For at-a-glance scanning when you don't have time for the tree:

H1
Firewall ACL gap
UDP 5060 or RTP 10000–10499 blocked. Most common on Day 1 of a new trunk.
tcpdump on Asterisk; do you see the INVITE arriving?
H2
NAT / address rewrite
SDP carries an unreachable container-internal IP. external_media_address missing or wrong.
check SDP c= line; is it a private IP?
H3
Stateless / light proxy
ACK and BYE bypass the proxy. Calls drop at exactly 32s or 60s.
is there a Record-Route header? if no, open 5060 direct UA-to-UA
H4
Codec / transport mismatch
UDP vs TCP, ulaw vs G.722. Often surfaces as 488 Not Acceptable Here.
look at SIP/SDP transport vs the 488 Not Acceptable Here
H5
Identify match miss
The trunk's match= block doesn't include the carrier's actual source IP. Asterisk drops the INVITE silently.
pjsip show endpoints; is the source IP in match=?
H6
Header parse failure
Non-ASCII custom header names; missing required headers; malformed CSeq.
tcpdump and inspect bytes; ASCII-only field names?

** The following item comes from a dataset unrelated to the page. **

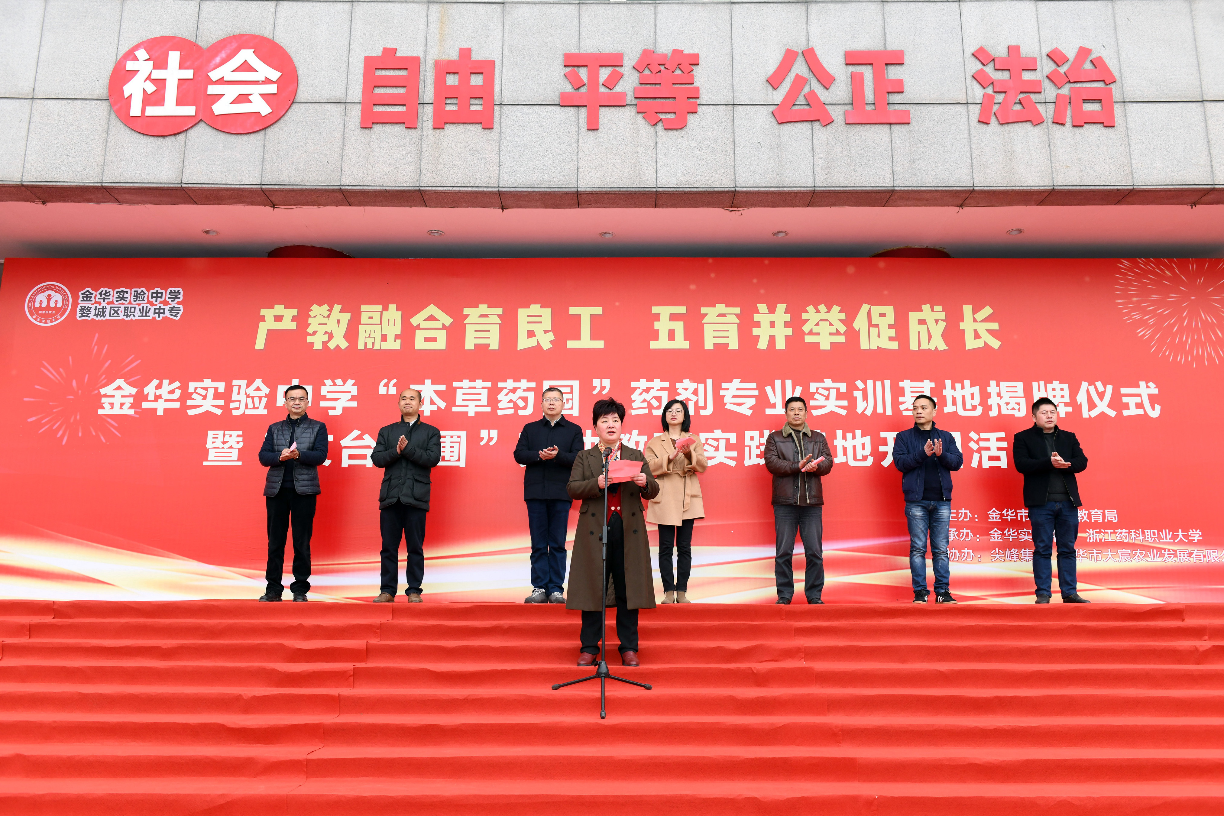 隨后,李剛宣布金華實(shí)驗(yàn)中學(xué)“本草藥園”藥劑專業(yè)實(shí)訓(xùn)基地揭牌儀式暨“文臺(tái)菜圃”勞動(dòng)教育實(shí)踐基地開園。
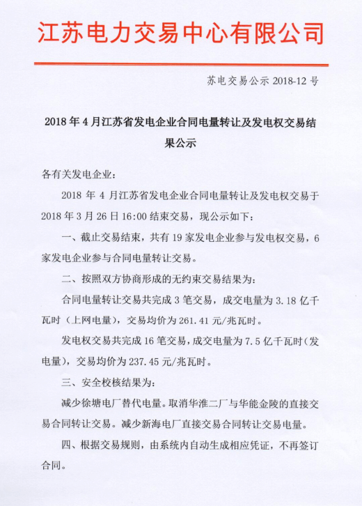 2018年4月江蘇省發(fā)電企業(yè)合同電量轉(zhuǎn)讓及發(fā)電權(quán)交易結(jié)果

Discipline: every time you face a SIP issue, write down which hypotheses you have ruled out and the evidence that rules them out. Save the artefact (pcap, log snippet, screenshot). The customer will ask the same question two weeks later, and you will be glad you have receipts.

Checkpoint 7

Pick a real-or-imagined incident: "calls fail with 503 Service Unavailable from our trunk". Walk through the six hypotheses in order. Which can you rule out without leaving your laptop?

Show answer

503 Service Unavailable is a server-side rejection — Asterisk (or our trunk) actually answered, just unhappily. That alone rules out the silent-drop hypotheses and narrows the tree:

  • H1 firewall — partially rule out. We got a SIP response, so the path is open in both directions for signaling. Still possible the RTP range is blocked, but the 503 itself proves 5060 is fine.
  • H5 identify — rule out. If identify didn't match, Asterisk would have dropped the INVITE silently (H5 signature), not returned 503. pjsip show endpoints from your laptop confirms the trunk is registered.
  • H6 header parse — rule out from the laptop by tcpdump'ing one INVITE and inspecting bytes for ASCII-only field names.
  • H2 NAT — keep. Asterisk could be returning 503 because the agent pool is unreachable from its own network namespace. Check pjsip show channels — if no inbound channels are landing, 503 likely means the dialplan can't route.
  • H3 stateless proxy — unlikely cause of 503; Record-Route issues cause mid-call drops, not synchronous 503s. Defer.
  • H4 codec / transport — keep. 488 Not Acceptable Here is more typical, but some carriers translate codec mismatches into 503. Check the SDP m= line in the failing INVITE.

From your laptop, in order: pjsip show endpoints (confirms trunk online, kills H5), pjsip show channels + tcpdump on a test INVITE (kills H6, narrows H2 vs H4), then pjsip set logger on on a live test call to read the rejection reason. The only hypothesis that requires the customer firewall team is H1 RTP, and you only escalate that after the laptop checks come back clean.